Properties of Regular Languages

CS390, Fall 2019

Last modified: Oct 2, 2019


In the previous modules, we have seen two very different ways to describe regular languages: by giving a FA or by a regular expression.

In this section we focus on the important properties of the languages themselves: * closure properties, which say how we can build new regular languages from combinations of existing ones, and * decision properties, which allow us to decide questions about regular languages

We will also look at the problem of minimizing DFAs, reducing a DFA to the smallest possible number of states without changing the language it recognizes.

1 Introduction

In this section we focus on the important properties of the languages themselves:

2 The Pumping Lemma


The FA on the right accepts strings over $\{a, b\}$ that start with ‘a’. This illustrates that an FA can distinguish input strings based upon the opening symbols of its input.


This FA, on the other hand, accepts strings over $\{a, b\}$ that end with ‘aa’. So FAs can also distinguish input strings based upon the closing symbols of their input.

If you are willing to set up enough states, you can use an FA to recognize any non-repeated pattern at the start and/or end of strings. But there are limits to how discriminating an FA can be “in between”.

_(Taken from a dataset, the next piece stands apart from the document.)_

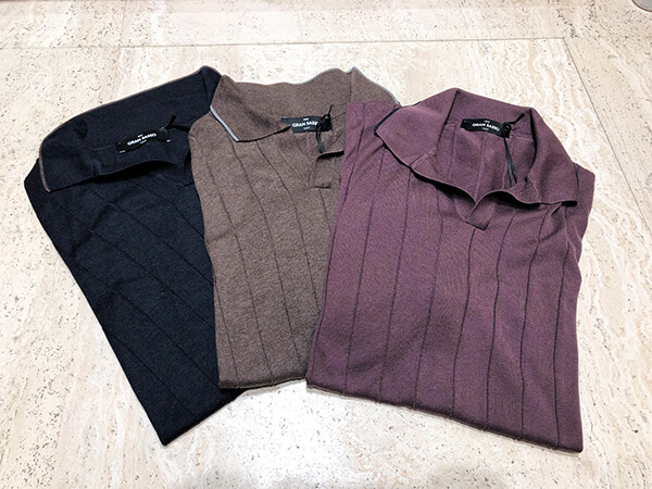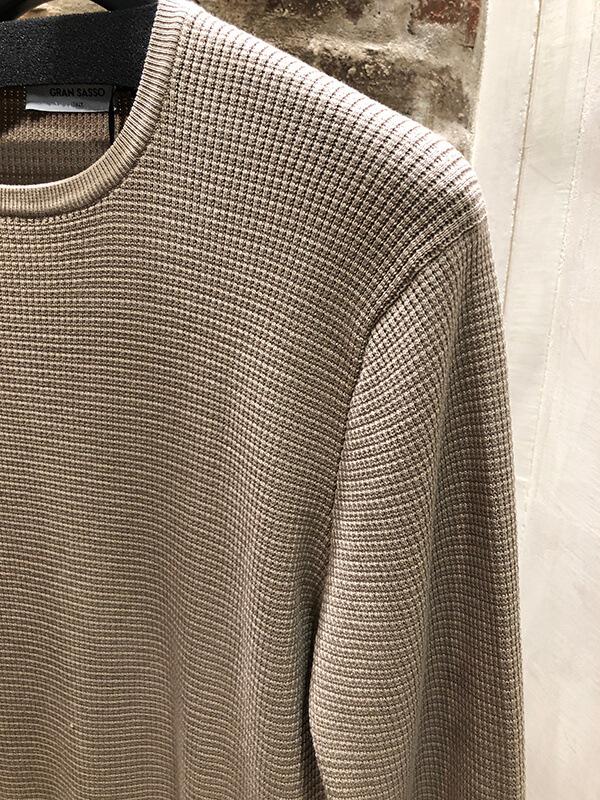 グランサッソはイタリア最大のニットブランドとして、有名ブランドのニットを手掛けているので、クオリティ面もかなりレベルが高く、画像では伝わらない肌触りは是非店頭でお確かめ下さい(^^)

The Pumping Lemma basically indicates that a FA can distinguish based upon some initial input symbols and also upon some closing input symbols, but because it has only a finite number of states it cannot “remember” everything that goes on in the middle. It must “loop” repeatedly back to the same state(s) in the middle of the input. (This is somewhat reminiscent of the argument we made in converting FAs to regular expressions.)

The Pumping lemma is most useful as a way of proving that a language cannot possibly be accepted by an FA. The examples givien in the book:

\[ L = \{x \in \{a,b\}^* | n_a(x) > n_b(x) \} \]

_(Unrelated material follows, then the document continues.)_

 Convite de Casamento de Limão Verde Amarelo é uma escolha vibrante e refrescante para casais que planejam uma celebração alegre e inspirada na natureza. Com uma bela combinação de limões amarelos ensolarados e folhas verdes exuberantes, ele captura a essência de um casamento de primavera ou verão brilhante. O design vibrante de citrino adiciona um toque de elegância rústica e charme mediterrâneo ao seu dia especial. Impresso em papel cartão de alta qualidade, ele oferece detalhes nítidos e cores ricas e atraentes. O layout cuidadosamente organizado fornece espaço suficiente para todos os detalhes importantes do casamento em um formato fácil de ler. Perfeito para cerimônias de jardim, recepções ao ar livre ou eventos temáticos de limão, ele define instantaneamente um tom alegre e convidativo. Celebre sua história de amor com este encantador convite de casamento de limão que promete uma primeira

is a “classic” of CS theory.

Also of note is this language:

\[ L = \{0^n 1^n | n \geq 1\} \]

which is suggested in exercise 4.1.1a.

These languages have a certain practical implication. If you cannot use an FA to determine to guarantee that two different characters occur the same number of times in a string, even if they are arranged conveniently with all of the occurrences of one character coming before any occurrences of the other, then you almost certainly cannot use an FA to solve the even more complicated problem of determining whether parentheses or brackets are balanced in a program, but such checks are critical in compilers.

Let’s look at how we can use the Pumping Lemma to provide that this second language is not regular.

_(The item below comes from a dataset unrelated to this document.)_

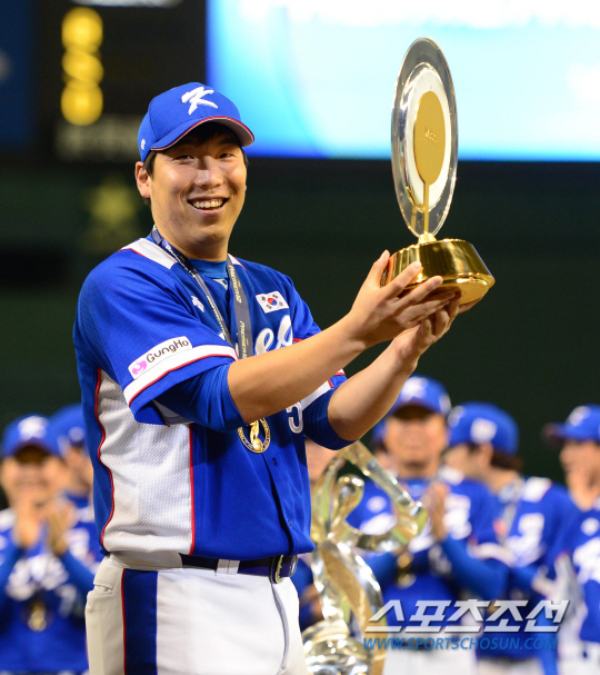 김현수에게 2015년은 모든 걸 다 이룬 해라고 봐도 될 것 같다.21일 오후 일본 도쿄돔에서 프리미어 12 결승전 미국과 한국의 경기가 열렸다. 미국을 꺽고 우승을 차지한 한국의 김현수가 MVP 트로피를 들고 기뻐하고 있다. 도쿄=김경민 기자 kyungmin@sportschosun.com

According to the Pumping Lemma, if this were regular, then every sufficiently long string in the language can be divided into three pieces, $x$, $y$, and $z$, such that $x y^* z$ is also in the language. Let $n$ be the critical value for this language. The consider a string $s = 0^n1^n$ (which is clearly longer than $n$). The Pumping lemma says that, if this language is regular, we can divide this string into pieces $x$, $y$, and $z$ such that $|xy| \leq n$, $|y| > 0$, and all $xy^*z$ are also in the language.

Let’s try to divide that string into those pieces $x$, $y$, and $z$ such that $s = xyz$. There are two cases to consider:

  1. $y$ contains only zeros. So, we have $x=0^i$, $y=0^j$, $j > 0$, $z=0^k1^n$, such that $i + j + k = n$. But the Pumping lemma says that $xy^2z$ would also need to be in the language. But $xy^2z = 0^{i+2j+k}1^n$. That string is in the language $0^n1^n$ only if $i + 2j + k = n$. Since

    \[ i + j + k = n = i + 2j + k\]

    has no solution when $j > 0$, this is not possible.

  2. $y$ contains at least one ‘1’. But then $x$ must contain all of the 0’s (and possibly some 1’s), so $|xy| > n$, which also violates the Pumping Lemma.

Hence the Pumping Lemma tells us that $0^i1^i$ cannot be a regular language. (This is often used as a justification for the informal claim that a FA can only “remember” a finite amount of prior history of what has been input into it.)

3 Closure Properties

We say that a set $S$ is closed under a binary operation $\oplus$ iff $\forall a \in S, b \in S \Rightarrow a \oplus b \in S$. That is, pick any two elements of $S$ and apply the operator to them and the result is also in $S$.

Example 1: Familiar Closures

The set of integers, $\cal{Z}$, is closed under addition, because for any two integers $i$ and $j$, $i + j$ is still an integer. Similarly, the set of integers is closed under subtraction and multiplication.

The set of natural numbers, $\cal{N}$, on the other hand, is not closed under subtraction. We can prove this by example: 2 and 5 are both natural numbers, but $2 - 5$ is negative and therefore not a natural number.

In this section, we are interested in the kinds of operations that we can perform on Regular Languages and still be guaranteed that we will get a regular Language as a result.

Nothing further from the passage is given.